In case more than one grouping variable is used, there are several options of calling calc.stError()
depending on whether combinations of grouping levels should be regarded or not. We will consider the variables gender
and region
as our grouping variables and show three options on how calc.stError()
can be called.
Calculate the point estimate and standard error for each region and each gender. The number of rows in the output is therefore
\[n_\text{periods}\cdot(n_\text{regions} + n_\text{genders} + 1) = 1\cdot(9 + 2 + 1) = 12.\]
The last row is again the estimate for the whole period.
povertyRates <- calc.stError(dat2, var = "povertyRisk", fun = weightedRatio,
group = c("gender", "region"))
povertyRates$Estimates
## year n N gender region val_povertyRisk stE_povertyRisk
## 1: 2010 549 260564 <NA> Burgenland 19.53984 1.8042764
## 2: 2010 733 377355 <NA> Vorarlberg 16.53731 3.2896891
## 3: 2010 924 535451 <NA> Salzburg 13.78734 2.2585866
## 4: 2010 1078 563648 <NA> Carinthia 13.08627 1.7469304
## 5: 2010 1317 701899 <NA> Tyrol 15.30819 1.3943715
## 6: 2010 2295 1167045 <NA> Styria 14.37464 1.3500431
## 7: 2010 2322 1598931 <NA> Vienna 17.23468 1.0428496
## 8: 2010 2804 1555709 <NA> Lower Austria 13.84362 1.7034375
## 9: 2010 2805 1421620 <NA> Upper Austria 10.88977 0.8709790
## 10: 2010 7267 3979572 male <NA> 12.02660 0.6303407
## 11: 2010 7560 4202650 female <NA> 16.73351 0.6300745
## 12: 2010 14827 8182222 <NA> <NA> 14.44422 0.5838199
state
and gender
Split the data by all combinations of the two grouping variables. This will result in a larger output-table of the size
\[n_\text{periods}\cdot(n_\text{regions} \cdot n_\text{genders} + 1) = 1\cdot(9\cdot2 + 1)= 19.\]

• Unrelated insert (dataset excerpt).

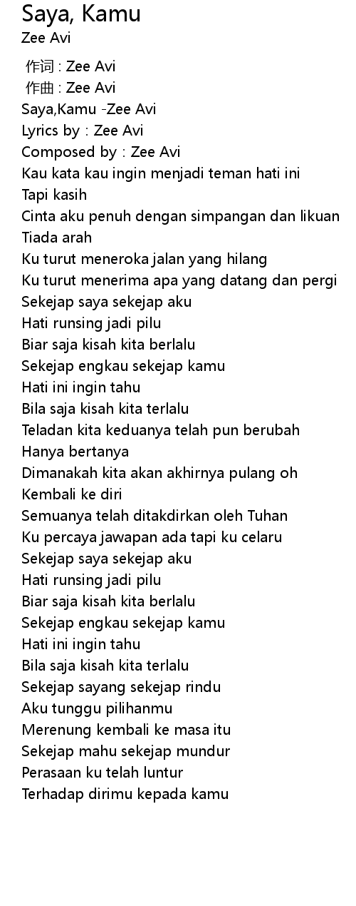 | [00:00.426] | Saya, Kamu Zee Avi |

povertyRates <- calc.stError(dat2, var = "povertyRisk", fun = weightedRatio,
group = list(c("gender", "region")))
povertyRates$Estimates
## year n N gender region val_povertyRisk stE_povertyRisk
## 1: 2010 261 122741.8 male Burgenland 17.414524 2.2332286
## 2: 2010 288 137822.2 female Burgenland 21.432598 2.0899871
## 3: 2010 359 182732.9 male Vorarlberg 12.973259 3.1093204
## 4: 2010 374 194622.1 female Vorarlberg 19.883637 3.7576712
## 5: 2010 440 253143.7 male Salzburg 9.156964 1.9028612
## 6: 2010 484 282307.3 female Salzburg 17.939382 2.5374889
## 7: 2010 517 268581.4 male Carinthia 10.552149 2.0614209
## 8: 2010 561 295066.6 female Carinthia 15.392924 1.9756282
## 9: 2010 650 339566.5 male Tyrol 12.857542 1.0371712
## 10: 2010 667 362332.5 female Tyrol 17.604861 2.2145631
## 11: 2010 1128 571011.7 male Styria 11.671247 1.5111686
## 12: 2010 1132 774405.4 male Vienna 15.590616 1.3348673
## 13: 2010 1167 596033.3 female Styria 16.964539 1.3758548
## 14: 2010 1190 824525.6 female Vienna 18.778813 0.9304295
## 15: 2010 1363 684272.5 male Upper Austria 9.074690 1.1711956
## 16: 2010 1387 772593.2 female Lower Austria 16.372949 1.8366058
## 17: 2010 1417 783115.8 male Lower Austria 11.348283 1.6437512
## 18: 2010 1442 737347.5 female Upper Austria 12.574206 0.7710579
## 19: 2010 14827 8182222.0 <NA> <NA> 14.444218 0.5838199
In this case, the estimates and standard errors are calculated for
The number of rows in the output is therefore
\[n_\text{periods}\cdot(n_\text{regions} \cdot n_\text{genders} + n_\text{regions} + n_\text{genders} + 1) = 1\cdot(9\cdot2 + 9 + 2 + 1) = 30.\]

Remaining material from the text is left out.